Dan Kaiquan sintió una punzada en su corazón, seguida de una sensación de hundimiento.
Su complexión cambió tan dramáticamente como si estuviera en un acto de cambio de rostro de la ópera de Sichuan, un espectáculo para contemplar.
«Bai Yuxia está intercambiando regalos con otros chicos…»
«¿Tiene a alguien que le gusta…?»
«¿Qué debo hacer si tiene a alguien que le gusta?»
Dan Kaiquan estaba dividido, preocupándose demasiado por la posibilidad de que Bai Yuxia saliera con alguien más.
Sentía que no podría vivir si eso sucediera.
Dan Kaiquan, desanimado, regresó a la última fila, sus ojos sombríos, como un perro bien portado repentinamente pateado mientras caminaba por la carretera.
Cuando llegó allí, Ma Shicheng vio que parecía algo descompuesto y preguntó con preocupación:
—¿Qué pasa, Hermano Quan?
Dan Kaiquan forzó una leve sonrisa:
—No es nada.
Solo recibí un mensaje de un amigo que dice que le gusta una chica que ya tiene novio y no está seguro de si debería perseguirla.
Guo Kunnan dijo:
—Eso no está muy bien.
Ella ya tiene novio; parece un poco poco ético.
Claramente, esta no era la respuesta que Dan Kaiquan esperaba.
Wang Longlong oportunamente añadió su opinión:
—¿De qué tienes miedo?
Si ella no tiene novio, tienes que competir con un montón de chicos; si tiene uno, solo compites con uno.
¡Dile a tu amigo que lo intente!
Después de escuchar esto, Dan Kaiquan inicialmente sintió que estaba mal, pero al reflexionar, encontró algo de sentido en ello.
Su estado de ánimo fluctuó como una montaña rusa, luego mejoró un poco:
—Gracias, Hermano Long.
Se lo diré a mi amigo por QQ más tarde.
Habiendo recuperado su ánimo en la parte trasera del aula, Dan Kaiquan regresó al frente.
Para ese momento, Bai Yuxia había terminado de repartir sus regalos y estaba sentada.
Dan Kaiquan miró las varias cajas de regalo en el escritorio de Bai Yuxia, preguntándose si había dado regalos a Dong Qingfeng y Chen Qian…
¿Me daría uno a mí?
Después de todo, soy su compañero de pupitre.
Lo hará, ¿verdad?
¿Qué debería decir si me da uno?
Con estos pensamientos en mente, Dan Kaiquan se acercó a su asiento y asintió a Jiang Ning en la fila de atrás.

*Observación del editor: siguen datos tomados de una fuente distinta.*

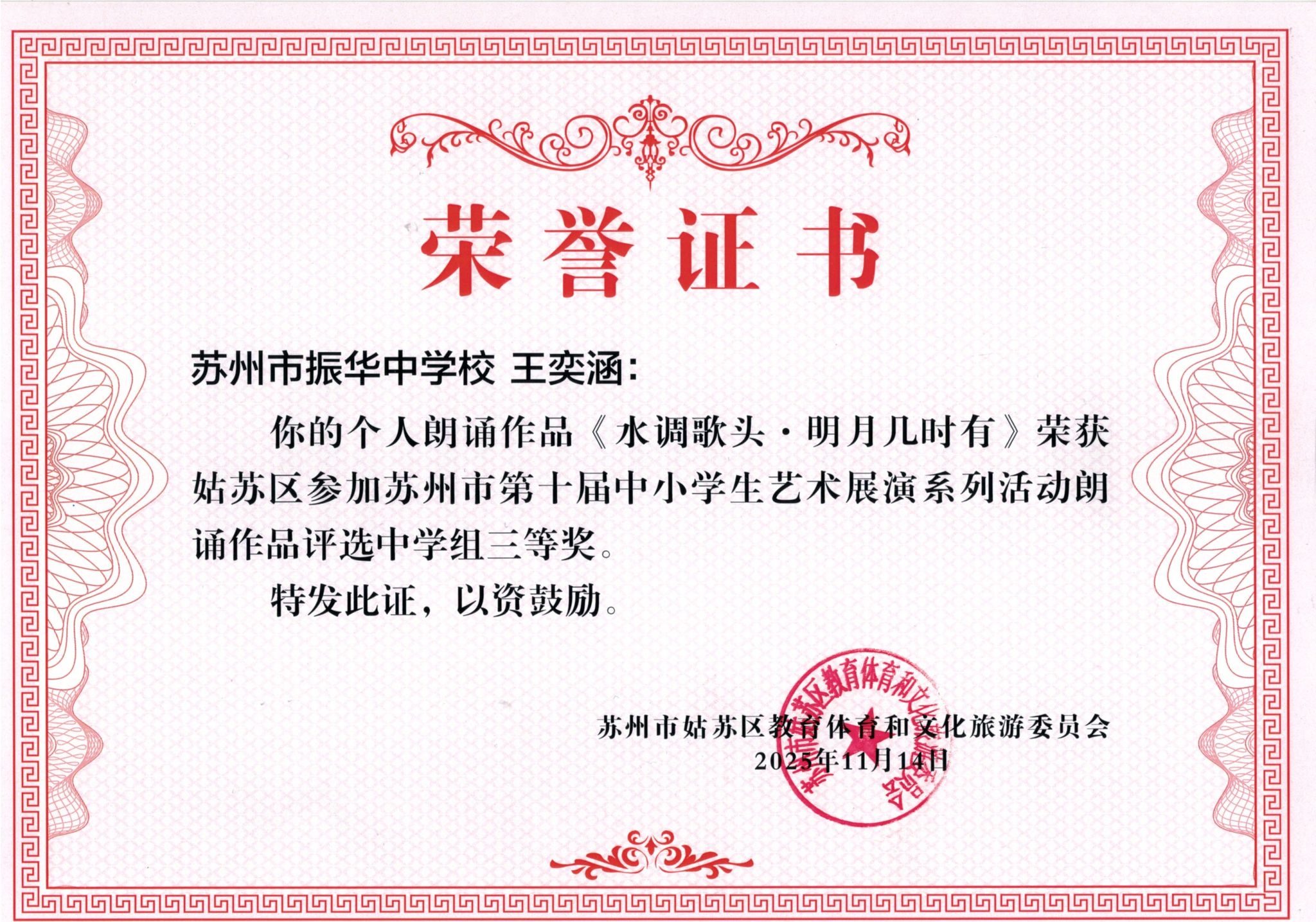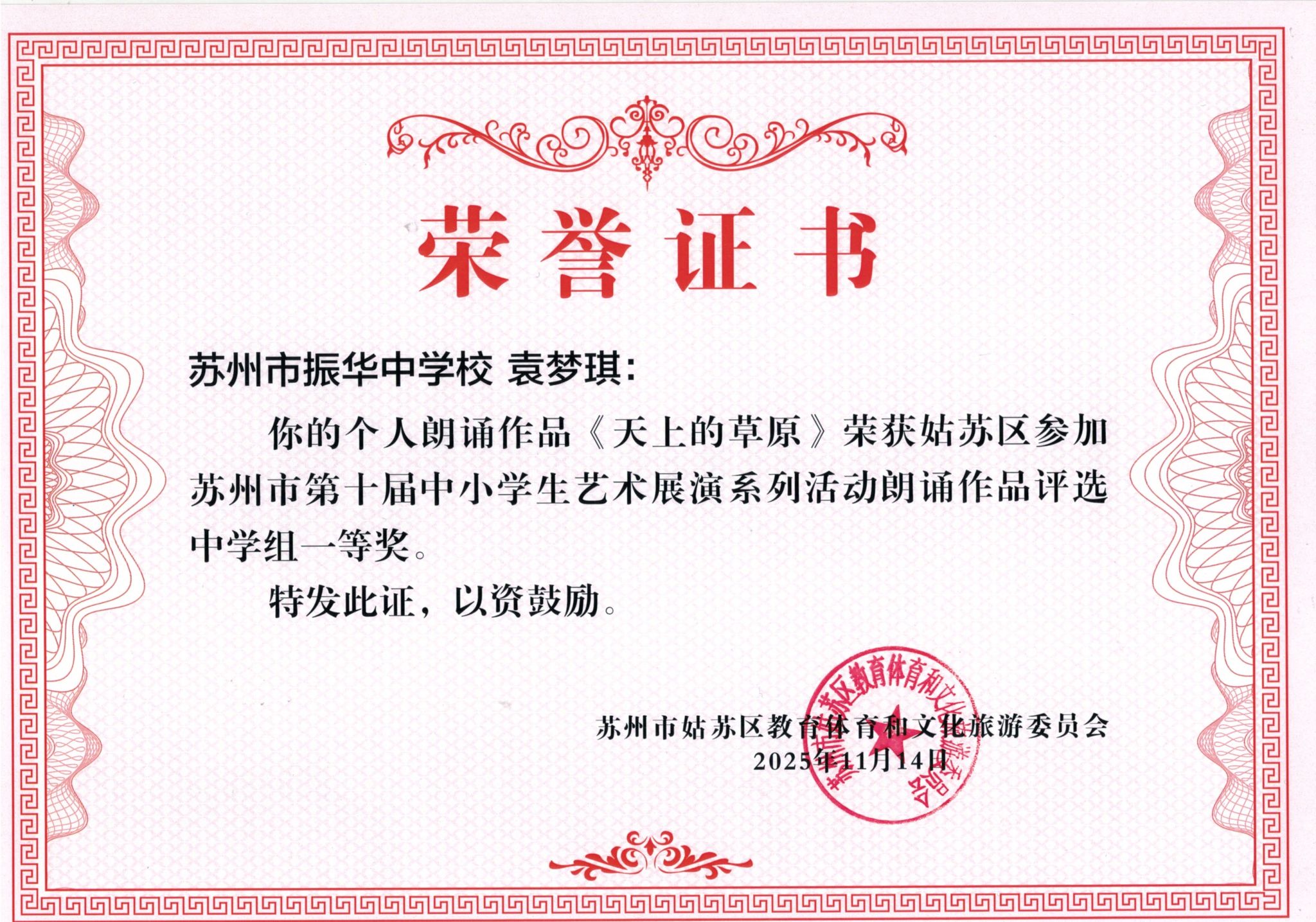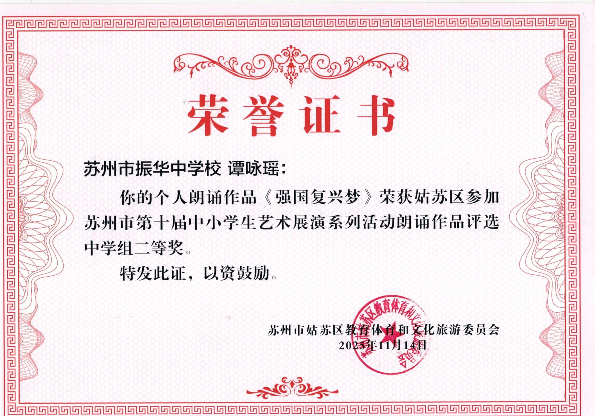 热烈祝贺我校袁梦琪、谭咏瑶、王奕涵、李品言、赵梓涵、毛曦彤、魏子淳同学在姑苏区苏州市第十届中小学生艺术展演系列活动朗诵作品评选中获奖
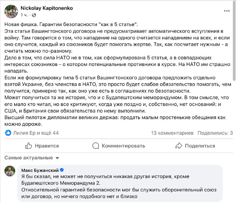 "Эта статья Вашингтонского договора не предусматривает автоматического вступления в войну. Там говорится о том, что нападение на одного считается нападением на всех, и если оно случится, каждый из союзников будет помогать жертве. Так, как посчитает нужным - а считать можно по-разному. Сила НАТО - в совпадающих интересах союзников. Если формулировку типа 5-й статьи предложить отдельно взятой Украине, без членства в НАТО, это просто будет слабое обязательство помогать, чем получится, примерно так, как оно уже есть в соглашениях о безопасности. Может получиться та же история, что и с Будапештским меморандумом", - пишет Капитоненко.

Luego, con una explosión de coraje, Dan Kaiquan tocó a Bai Yuxia y dijo:
—Compañera, ¡feliz Nochebuena!
Bai Yuxia giró la cabeza hacia un lado.
Dan Kaiquan pensó que su perfil era realmente bonito.
Si pudiera ser su novia, estaría muy orgulloso.
Con un momento de vacilación, Bai Yuxia aceptó la caja de regalo.
Dan Kaiquan estaba eufórico—la aceptó, la aceptó.
¡Finalmente aceptó el regalo que le di!
Casi se conmovió hasta las lágrimas.
Todavía había algunas cajas de regalo en el escritorio de Bai Yuxia; seguramente iba a devolverle el gesto y darle un regalo.
Fue entonces cuando Bai Yuxia, con una nota de disculpa, dijo:
—Lo siento, Dan Kaiquan.
Estos son todos regalos de otras personas; no puedo corresponder con otro regalo.